La pièce est dotée d’une indéniable profondeur morale et poétique, mais évite le pathétique en ne se prenant pas du tout au sérieux. En fait, l’exagération sans retenue de la pièce est la clé de voute de son succès. La mise en scène assurée par Marcia Babineau (aussi professeure au département) est d’ailleurs menée dans cette même perspective de ridicule total, de manière à porter le propos de la pièce avec grâce et brio. Les déplacements des acteurs sur la scène ont par moments l’allure d’une extravagante chorégraphie et sont tout aussi fabuleux. Moins fabuleuses : les chansons – mais puisqu’elles cadrent tout à fait avec l’omniprésence des éléments absurdes dans le reste de la pièce, on laisse passer.
La pièce est accompagnée d’une trame musicale live, composée par Michael Roth et splendidement interprétée par la violoncelliste Yusela C. Perez Gutirrez. C’est avec doigté et talent que cette dernière capture et communique la profondeur poétique de la mélancolie. Les costumes sont également évocateurs et, au fur et à mesure que les personnages sont touchés par la mélancolie (mais finalement, le coup de foudre), ils deviennent de plus en plus colorés.
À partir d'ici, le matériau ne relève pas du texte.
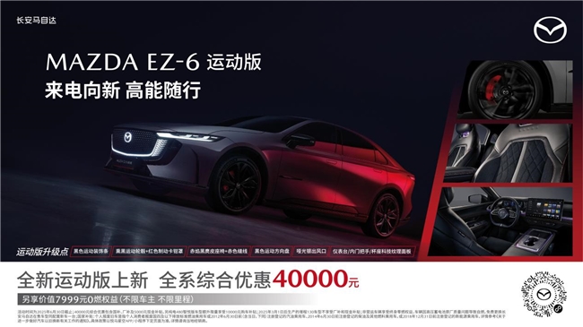 作为合资新能源B级轿车的全新价值标杆,MAZDA EZ-6从产品设计、研发到生产均严格遵循马自达全球统一标准,以全球标准打造全球品质。即将上市的EZ-6运动版在外观方面新增多处黑化套件:曜黑色下包围搭配亮黑色锻造轮毂、红色卡钳罩,赛道感爆棚。内饰方面,新增黑色麂皮座椅,并加入了更具运动感、战斗气息的黑色和红色缝线,扶手箱、空调出风口采用了黑色烫印工艺装饰。活动期间,购车用户可享受至高40,000元补贴(15,000元置换厂补+20,000元置换国补+5,000元保险补贴),补贴后增程车型9.98万起,纯电车型10.98万起,指定车型再享10,000元补贴。贷100,000元可享6年0息(和置换厂补二选一),还可享价值7,999元不限车主、不限里程终身零燃权益。
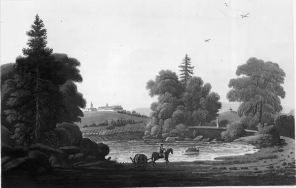 Ullevål, Oslo. Avfotografering av akvatintetsning av Carpelan. Brukt til utstillingen "Reise i 1814" ved NF. Mann ridende på hest, foran en dam med jorder og hus i bakgrunnen.
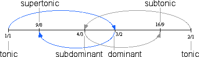 The names of these two new tones correspond to thier proximities to the tonic tones and the dominant tones. The tone 32/27 is roughly in the middle between the tonic and the dominant, while the tone 27/16 is roughly in the middle between the upper tonic and the subdominant. The word mediant means middle. 32/27 is the called the mediant while 27/16, being between then tonic and subdominant, is called the submediant. Again the names of this pair of tones reminds us that they are inversions of each other.
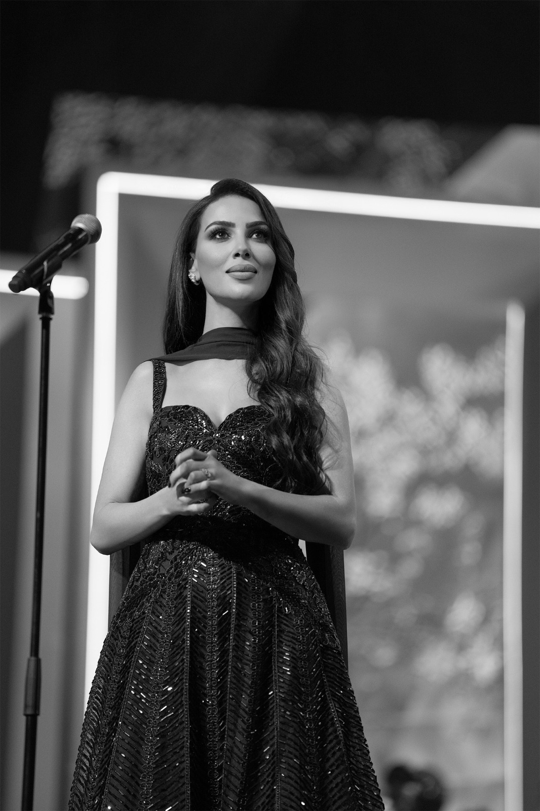 وعلى مستوى الإطلالة، اختارت شيماء فستانًا أسود مطرّزًا أنيقًا من توقيع المصمّم اللبناني العالمي إيلي صعب، جاء منسجمًا مع أجواء الحفل ومكانته الفنية الرفيعة.
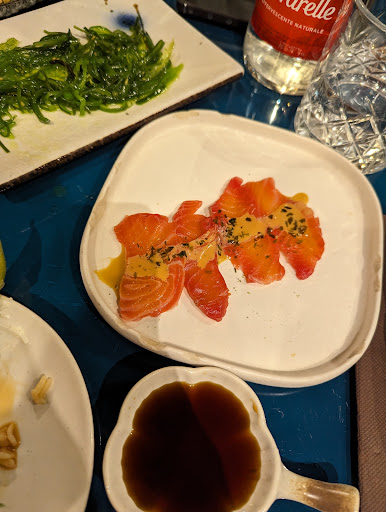 C'era una volta il Sashimi... Mi ero ripromesso di recensire la mia esperienza solo dopo averci dormito su, ma il tragitto fino a casa è stato sufficiente per convincermi oggi stesso. Non è mia abitudine recensire negativamente un locale, per una serie di motivi che si potranno leggere tra le righe, ma mio malgrado non posso attribuite più di 2 stelle a questo ristorante. Non esprimo pareri negativi per quanto riguarda la location tanto meno per la qualità di quanto consumato durante la cena, scendere nei dettagli renderebbe poco credibile la recensione. Una volta arrivati siamo stati accolti da colui che non so se fosse il ”maitre" o comunque uno chef de rang che una volta accompagnati al tavolo ci ha indicato il funzionamento del servizio e ci ha attaccato un post-it sul tavolo in modo da potervi indicare sopra quanto desiderato, sottolineo che nessuna nota di demerito è stata attribuita a causa del post-it che ha svolto egregiamente il suo lavoro accompagnata dalla penna che non è stata da meno, una volta ritirata l'ordinazione salutammo per sempre il possessore colui che del rango vi era il responsabile. Vi era più di qualche dipendente che evidentemente possiede ancora poca esperienza, al quale non faccio nessuna colpa, perché malgrado mi sia stato portato un calice di vino anziché 2, diverso da quello ordinato, che mi sia stato fatto versare da solo, quindi mi è stato lasciato sul tavolo un fondo di bottiglia sufficiente per neanche uno dei 2 calici richiesti e l'altro arrivato dopo averlo chiesto nuovamente ovviamente sul conto ne risultavano 3 ma lì ci arriveremo, nessuno di questi ragazzi ha colpa, perché essere alle prime armi non è una pecca di un ristorante non avere personale esperto non è un demerito per un locale ma avere personale inesperto e non guidarlo durante il servizio, li sta la mancanza, chi coordina la brigata? Dov'è il responsabile di sala? Come puoi non accorgerti che lo staff ha bisogno di essere diretto e coordinato che magari un sottoposto ha bisogno di un consiglio su come ricordare i tavoli a cui deve portare qualcosa o magari uno dei tuoi colleghi ha bisogno di un consiglio su come tenere il vassoio quando si sparecchia per lavorare meglio e senza paura che gli cada qualcosa? Questa è uno dei motivi per il quale non posso dare più di 2 stelle a questo locale, o anche perché siamo entrati alle 20:40 e siamo usciti alle 22:47 e nessuno si è accorto che in quelle 2 ore in cui ho notato tutte queste cose, per la maggior parte del tempo eravamo in attesa del Sashimi che non è mai giunto a destinazione e per l'altra parte eravamo intenti a fermare qualcuno per chiedere informazioni riguardo al Sashimi scomparso, ma siccome richiamare l'attenzione di un cameriere è stato più complicato che farci passare l'appetito abbiamo rinunciato a quest'ultimo dirigendoci in cassa dove sul conto vi era anche il famoso calice di vino sopra citato, e fatto notare l'errore, chi era alla cassa, quasi imbronciato, ha corretto l'errore riprendendosi lo scontrino che non ha più riconsegnato. Se per caso questa recensione dovesse essere letta da qualcuno dei dipendenti che si rivende in quello che ho riportato nella recensione ci tengo a sottolineare che le vostre non sono delle mancanze, l'inesperienza non è difetto ma un punto di partenza, sarei ipocrita se dopo sette anni di sala pensassi una cosa...
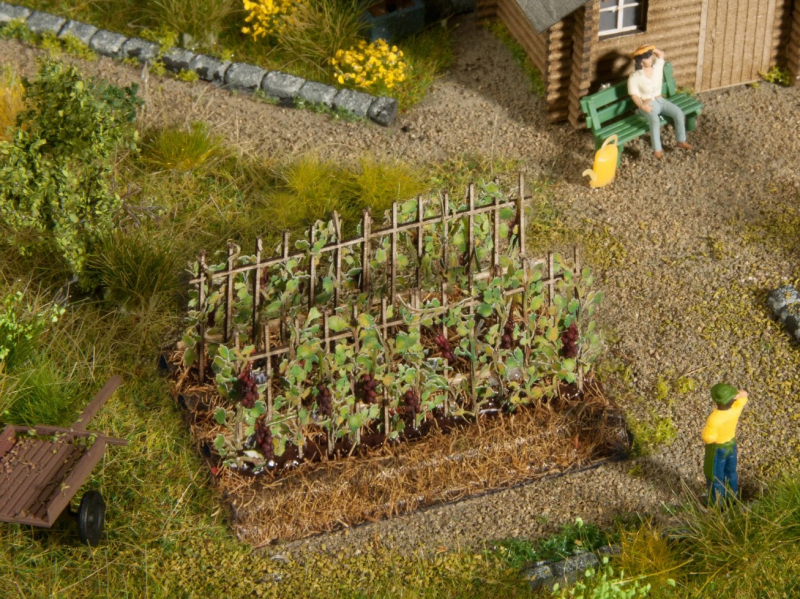 Deko-Minis sind einbaufertig ausgestaltete kleine Felder mit verschiedenen Pflanzen. Sie werden einfach aus der Verpackung genommen und in die Modelllandschaft eingeklebt. Die "Weinreben mit blauen Trauben" sind an zwei Rank-Gestellen angebracht und sorgen für einen echten Hingucker auf Ihrer Modellbahnanlage.
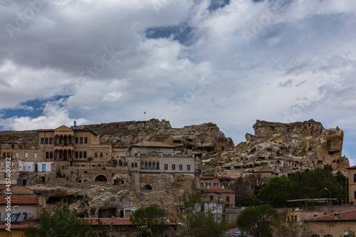 Fototapeta premium トルコ カッパドキアの観光拠点のユルギュップの街並みと洞窟住居

C’est une touche bien pensée qui fait ressortir l’essence du message de la pièce : comme quoi la mélancolie n’est pas seulement tristesse, mais aussi une teinte d’émotion qui nous rappelle qu’on est en vie.
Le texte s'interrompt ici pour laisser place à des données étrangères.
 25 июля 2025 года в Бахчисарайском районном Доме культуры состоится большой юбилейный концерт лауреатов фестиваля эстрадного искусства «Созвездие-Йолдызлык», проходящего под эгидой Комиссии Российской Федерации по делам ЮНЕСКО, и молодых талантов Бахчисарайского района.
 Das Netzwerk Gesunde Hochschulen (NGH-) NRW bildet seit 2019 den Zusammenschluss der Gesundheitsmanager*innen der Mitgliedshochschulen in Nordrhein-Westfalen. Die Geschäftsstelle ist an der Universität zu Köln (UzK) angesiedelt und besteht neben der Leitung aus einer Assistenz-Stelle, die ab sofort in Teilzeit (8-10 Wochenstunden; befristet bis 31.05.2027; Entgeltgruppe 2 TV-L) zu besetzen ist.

Chaque jeune acteur est splendide dans son rôle. Caroline Bélisle (Tilly) est tout aussi charmante et charismatique que le requiert ce personnage dans lequel elle virevolte et reluit d’une manière presque féérique. Marc-André Robichaud interprète un Lorenzo parfaitement loufoque et farfelu, Nicolas Dupuis incarne un excellent Frank, et Stephanie David m’a beaucoup impressionnée avec ses grimaces extrêmes. Quoique Brigitte Gallant m’ait initialement parue un peu crispée dans le rôle de Joan, il y a un moment dans la pièce où le malaise atteint un apogée où il devient presque insoutenable. Cela me laisse croire que le rôle doit en fait dégager ce genre d’inconfort et rend le jeu de l’actrice, un succès. En fait, aucun des acteurs ne détonne vraiment du reste : même si les personnages sont loufoques et parfois déconnectés, l’ensemble tient bien la route. Cette pièce reluit de la qualité exceptionnelle de ses si jeunes comédiens. Elle est amusante, légère, et fort divertissante, mais avec une profondeur de contenu donnant vraiment de quoi se mettre sous la dent. Bref, on souhaite à cette nouvelle portée du Département d’art dramatique de l’Université de Moncton tout le succès qu’elle mérite. Et longue vie au Département!
À propos…
Sarah Brideau est née dans la Péninsule acadienne (N.-B.), l’année où Billy Jean trônait au sommet des décomptes musicaux. En 2001, elle publie ses premiers textes dans la revue Éloizes (no30), ensuite deux recueils de poésie aux Éditions Perce-Neige :Romanichelle (2002) et Rues étrangères (2005). En 2013, Sarah termine une Maîtrise en Langue et Littérature françaises (« Gérald Leblanc et le micro-cosmopolitisme ») à l’Université McGill et son troisième recueil de poésie, Cœurs nomades, paraît aux éditions Prise de parole (Sudbury). Depuis plusieurs années, Sarah travaille à la pige dans divers domaines, mais surtout ceux connexes à l’écriture, à Montréal et au N.-B. Depuis mai 2013, est également propriétaire d’une librairie de livres d’occasion, Folio, au centre-ville de Moncton.